Александр Волков - Скитания
– Я родился в Козенце, это в нашем же Неаполитанском вице-королевстве, – говорил монах приятным глуховатым голосом. – Нас было двое у отца, небогатого дворянина: брат Сильвестро и я. Но с братом наши пути разошлись рано. Он почувствовал влечение к живописи, уехал в Умбрию и поступил в учение к известному Луке Синьорелли.[129] А я всей душой привязался к Бернгардино Телезио…[130]
– К Телезио?! Этому замечательному гуманисту? – в удивлении перебил Бруно. – Но я же ходил слушать его лекции, когда еще был в пансионе у дяди. Он – выдающийся ученый!
– Да, в тесной дружбе с этим самым Бернардино прошли мое детство и юность, – улыбнулся дон Аннибале. – Мы вместе посещали городскую школу в Козенце, вместе поехали в Рим в 1525 году, чтобы там продолжить свое образование. Если бы мы предвидели, чем это кончится! – вздохнул старый монах.
– Вам довелось пережить взятие Рима? – спросил Фелипе.
– Да, мой юный друг, и это было ужасное время. Наемники Карла V[131] во время одной из войн, беспрестанно потрясающих нашу несчастную страну, захватили и страшно опустошили папскую столицу. Это случилось в 1527 году…
– Мой отец тоже был там в это время! – перебил взволнованный Фелипе. – Он защищал город и спасся с большим трудом…

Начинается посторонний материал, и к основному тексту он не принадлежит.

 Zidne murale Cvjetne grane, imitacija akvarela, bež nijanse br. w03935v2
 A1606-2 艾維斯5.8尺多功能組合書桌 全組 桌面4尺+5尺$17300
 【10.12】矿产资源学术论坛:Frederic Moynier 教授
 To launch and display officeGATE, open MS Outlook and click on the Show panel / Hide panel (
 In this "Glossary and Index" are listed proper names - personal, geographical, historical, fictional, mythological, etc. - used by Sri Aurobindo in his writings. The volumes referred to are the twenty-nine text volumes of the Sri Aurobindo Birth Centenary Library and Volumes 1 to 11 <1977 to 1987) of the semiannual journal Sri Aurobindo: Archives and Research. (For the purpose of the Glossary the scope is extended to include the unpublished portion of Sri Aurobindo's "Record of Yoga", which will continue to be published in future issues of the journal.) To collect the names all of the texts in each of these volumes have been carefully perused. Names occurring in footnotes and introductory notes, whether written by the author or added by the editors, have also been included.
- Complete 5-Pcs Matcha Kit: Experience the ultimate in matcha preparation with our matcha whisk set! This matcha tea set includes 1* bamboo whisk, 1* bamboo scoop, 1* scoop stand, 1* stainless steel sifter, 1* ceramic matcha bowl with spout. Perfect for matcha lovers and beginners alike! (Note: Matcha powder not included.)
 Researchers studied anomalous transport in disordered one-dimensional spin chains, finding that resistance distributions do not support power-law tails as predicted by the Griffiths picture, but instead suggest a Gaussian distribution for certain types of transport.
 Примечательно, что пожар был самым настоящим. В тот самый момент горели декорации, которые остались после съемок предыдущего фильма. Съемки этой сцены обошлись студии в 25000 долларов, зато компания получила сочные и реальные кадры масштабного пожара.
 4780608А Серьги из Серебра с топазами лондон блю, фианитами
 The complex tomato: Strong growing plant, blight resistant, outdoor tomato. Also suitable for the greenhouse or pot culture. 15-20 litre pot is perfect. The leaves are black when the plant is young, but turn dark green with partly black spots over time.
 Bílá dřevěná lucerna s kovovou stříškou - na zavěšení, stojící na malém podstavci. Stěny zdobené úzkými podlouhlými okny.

– Значит, мы с ним были товарищами по несчастью в эти ужасные дни. Что там тогда творилось! Немецкие солдаты, жадные до поживы, врывались в дома, пытали граждан, требуя указать, где скрыты ценности. Тысячи и тысячи людей были брошены в тюрьмы и выходили оттуда только после уплаты выкупа. Попали в заключение и мы с Бернардино и томились два месяца, ежечасно ожидая смерти. К счастью, нас выручил влиятельный друг Телезио, мы покинули Рим и удалились в Падую…
Седая голова старика опустилась при этих тяжелых воспоминаниях, и он долго молчал.
– Что же было дальше, падре? – спросил Бруне.
– В пределах Венецианской республики дышалось свободнее. Ведь она была одним из немногих итальянских государств, не поддавшихся испанским завоевателям. В Падуе мы поступили в университет и стали учениками великого Фракасторо.[132]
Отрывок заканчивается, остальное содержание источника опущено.